--- Task material ---

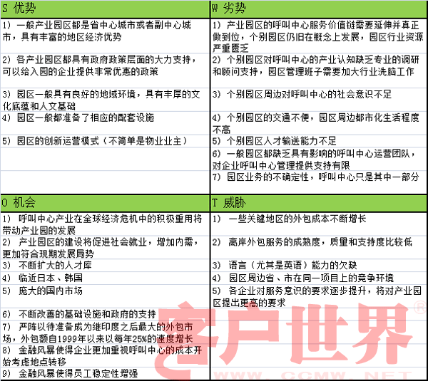 笔者在此更愿意用SWOT分析的模式来阐述中国呼叫中心产业园区的特点:
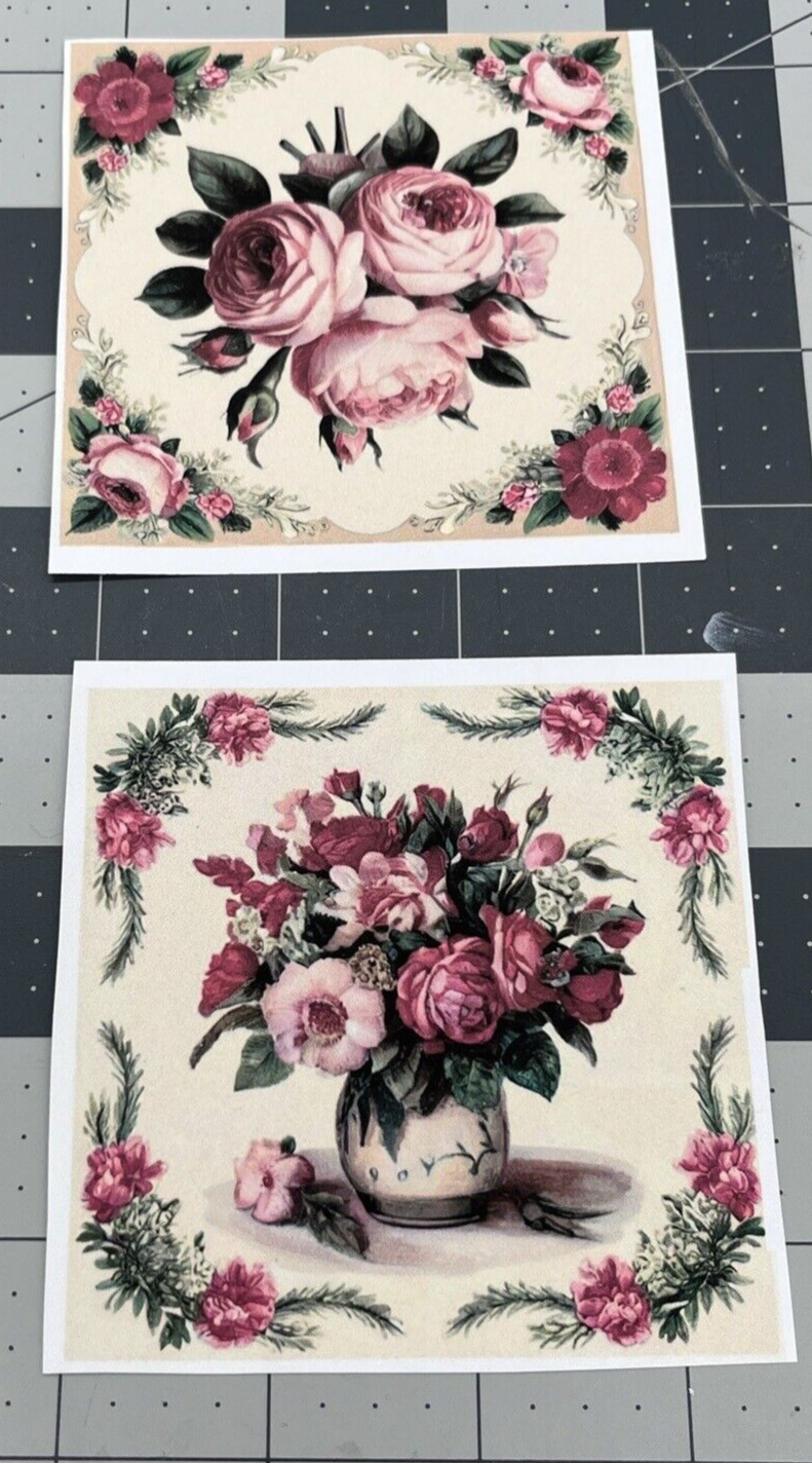 6 Vintage Pink Floral Card Toppers Collage Supplies Scrapbooks Junk Journal
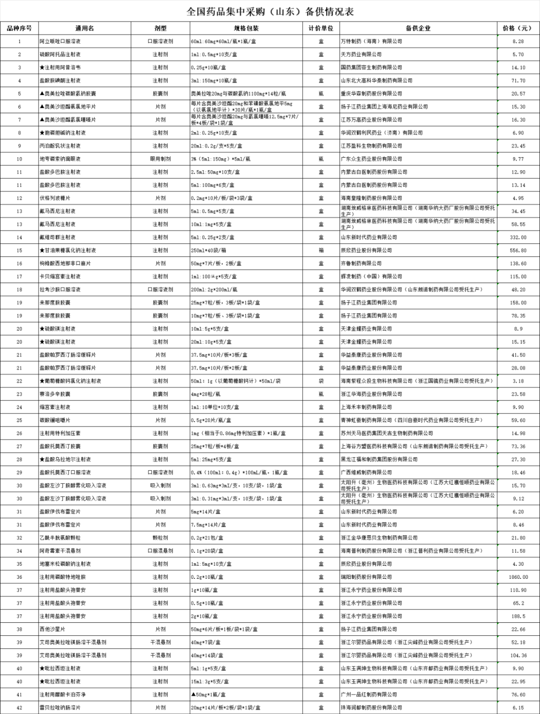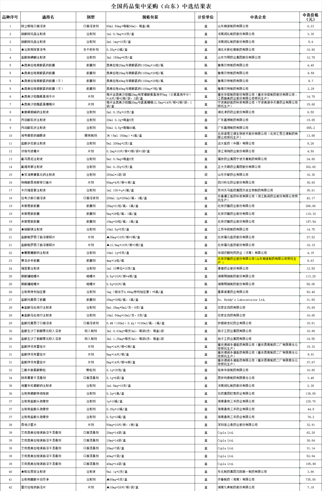 (七)做好与省集采中选结果衔接。山东省药品集中带量采购与第九批国采通用名、剂型重合的品种,不再标识省集采中选身份。同企业的省集采中选价格和第九批国采中选价格不一致的,按第九批国采中选价格执行,省集采中选但第九批国采未中选的,企业按规则自愿联动调整挂网价格,省集采第二评审组未通过一致性评价的,落实挂网撤网政策。
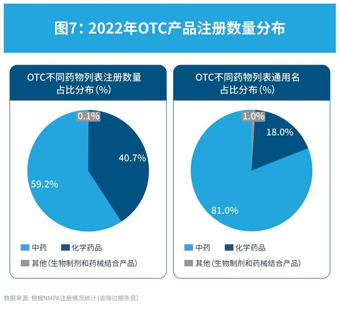 从OTC产品注册情况来看(*数据根据NMPA注册情况统计,并且去除其中的过期以及重复条目),截至2022年底,目前中国共有约5.4万个OTC注册产品,其中,中药占比略高于化药;按照通用名计算,约3.2千个OTC品种,其中,中药品种占比远超化药。
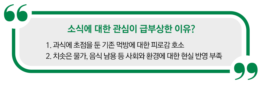 최근 먹방계를 덮친 소식좌 열풍! 많이 들어보셨죠? 이전엔 생소할 수 있었던 소식 먹방이 이젠 하나의 장르가 되어 TV와 SNS를 점유하였습니다. 사실 소식 먹방이 급부상한 시기는 불과 1년 남짓하다고 해요. 그런데 이렇게 짧은 시간에 소식 먹방의 인기가 급격하게 많아진 이유는 무엇일까요?
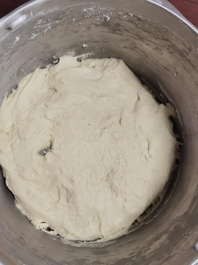室温22°C,约3~4小时,二次醒发至2倍大,开启和面程序10分钟,视情况分次筛入少量干面粉,和面结束,案板筛少量干面粉,整理,成形,圆形,刀切,看自己喜好。
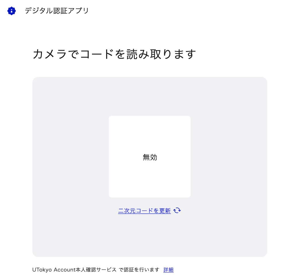 3. 画面上に表示された大きなQRコードを,手順1でセットアップを済ませたスマートフォンで読み込んでください.QRコードが無効になった場合は,下にでる「二次元コードを更新」を押してQRコードを更新してください.以降PCのページは閉じないでください
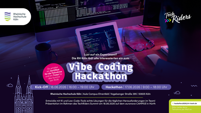 Der Vibe Coding Hackathon startet mit einem gemeinsamen Kick-off am 16.06. an der Rheinischen Hochschule Köln.

---

Give the listing again word for word. Skip every image.

Task output:
 笔者在此更愿意用SWOT分析的模式来阐述中国呼叫中心产业园区的特点:
 6 Vintage Pink Floral Card Toppers Collage Supplies Scrapbooks Junk Journal
 (七)做好与省集采中选结果衔接。山东省药品集中带量采购与第九批国采通用名、剂型重合的品种,不再标识省集采中选身份。同企业的省集采中选价格和第九批国采中选价格不一致的,按第九批国采中选价格执行,省集采中选但第九批国采未中选的,企业按规则自愿联动调整挂网价格,省集采第二评审组未通过一致性评价的,落实挂网撤网政策。
 从OTC产品注册情况来看(*数据根据NMPA注册情况统计,并且去除其中的过期以及重复条目),截至2022年底,目前中国共有约5.4万个OTC注册产品,其中,中药占比略高于化药;按照通用名计算,约3.2千个OTC品种,其中,中药品种占比远超化药。
 최근 먹방계를 덮친 소식좌 열풍! 많이 들어보셨죠? 이전엔 생소할 수 있었던 소식 먹방이 이젠 하나의 장르가 되어 TV와 SNS를 점유하였습니다. 사실 소식 먹방이 급부상한 시기는 불과 1년 남짓하다고 해요. 그런데 이렇게 짧은 시간에 소식 먹방의 인기가 급격하게 많아진 이유는 무엇일까요?
室温22°C,约3~4小时,二次醒发至2倍大,开启和面程序10分钟,视情况分次筛入少量干面粉,和面结束,案板筛少量干面粉,整理,成形,圆形,刀切,看自己喜好。
 3. 画面上に表示された大きなQRコードを,手順1でセットアップを済ませたスマートフォンで読み込んでください.QRコードが無効になった場合は,下にでる「二次元コードを更新」を押してQRコードを更新してください.以降PCのページは閉じないでください
 Der Vibe Coding Hackathon startet mit einem gemeinsamen Kick-off am 16.06. an der Rheinischen Hochschule Köln.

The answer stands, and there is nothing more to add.